GL Noble Denton
- Industry: Oil & Gas
- Genre: Engineering & Consultancy
- Founded: 2010
- Area served: Worldwide
- Services: Engineering, Consultancy, Project Management, Certification & Software
- Number of employees: 3,600
- Parent: DNV
- Divisions: Americas, Europe, Middle East, Africa, Asia-Pacific

= GL Noble Denton =

GL Noble Denton is one of the oil and gas businesses of DNV GL, headquartered in Hamburg, Germany and London, UK. The company is an independent technical advisor to industry operators across the world.

GL Noble Denton provides advice and services for upstream operations, such as onshore and offshore oil and gas exploration, production and delivery storage; midstream import, storage and processing; and downstream distribution.

GL Noble Denton provides services and software to design, develop, operate, execute, and assure oil and gas industry assets across the world. The company employs more than 3,600 people, and operates in more than 80 countries.

GL Noble Denton's technical experience covers fixed platforms, mobile offshore drilling units (MODU), floating production storage and offloading units (FPSOs), mobile offshore production units (MOPU), subsea and risers systems, offshore support vessels, tankers and shipping, onshore production, onshore and offshore pipelines, storage, import terminals, LNG facilities, refineries and petrochemical plants, transmission and distribution networks.

== Recent Awards==

In December 2010, GL Noble Denton received a Gas Industry Safety Group (GISG) Award for safety-related research.

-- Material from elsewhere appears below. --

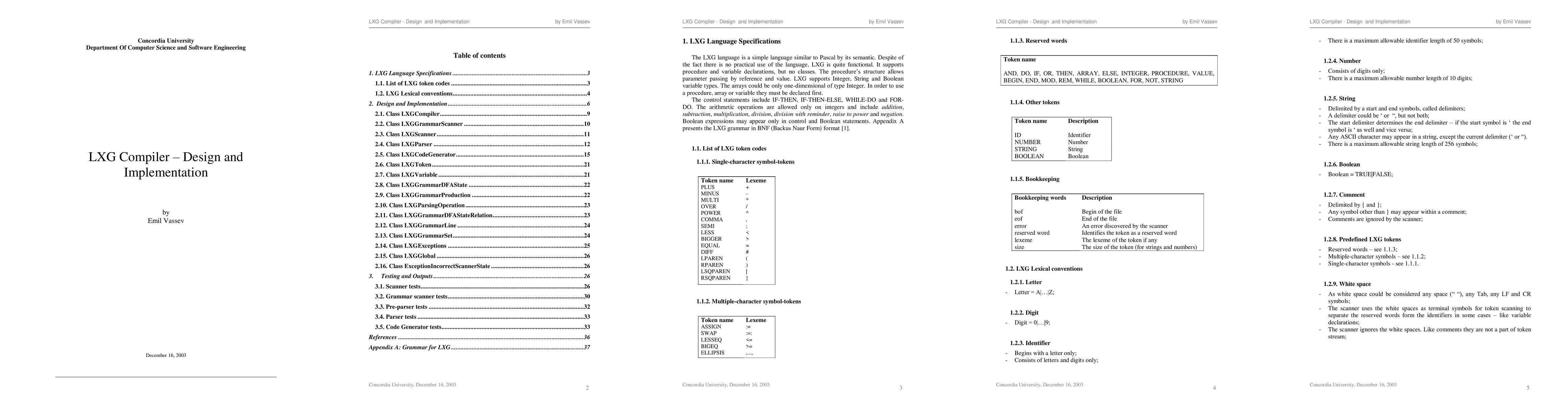 This paper details the design and implementation of an LXG compiler for a simple Pascal-like functional programming language, focusing on procedure and variable declarations, with no class support. Test results validate the compiler's effectiveness.

In May 2010, GL Noble Denton was awarded with an International Business Development Award, presented by the Institution of Gas Engineers and Managers (IGEM) and the Society of British Gas Industries (SBGI). The Award was presented in recognition of new safety and city gas projects commissioned to GL Noble Denton in Australia, Singapore, Vietnam, India and Thailand.

== Timeline ==

1867: Germanischer Lloyd (GL) founded as a maritime classification society.

1904: Noble Denton founded by Captain Pedder to undertake technical assurance and project execution of complex marine operations in London.

1961: Captain David Noble and Dr Tony Denton successfully expand the Noble Denton business offering combined of seafaring and gas engineering services to companies operating in the North Sea.

1970s: Noble Denton expands its global reach by opening offices in the Far East, Brazil, US, UAE and Norway.

1976: GL diversifies its business offering to include technical services in the oil and gas industry.

2003: Noble Denton acquires Martech Unlimited Inc (USA).

2004: Noble Denton acquires BOMEL Ltd. (UK)

2007: Noble Denton acquires Intelligent Decisions (Norway), Poseidon Maritime Ltd. (UK), and Lowe Offshore International Inc (US)

2007: GL acquires Advantica (UK), Materials Consulting Services (US), and PVI Inspection (Canada)

2008: GL acquires Trident Consultants (Malaysia)

2008: Noble Denton acquires Standard Engineering AS and Brevik Engineering AS (Norway)

2009: GL acquires International Refinery Services (Singapore)

2009: GL merges with Noble Denton

2010: GL Noble Denton is launched, combining Noble Denton and the oil and gas division of Germanischer Lloyd.

2013: GL merges with DNV, forming DNV GL.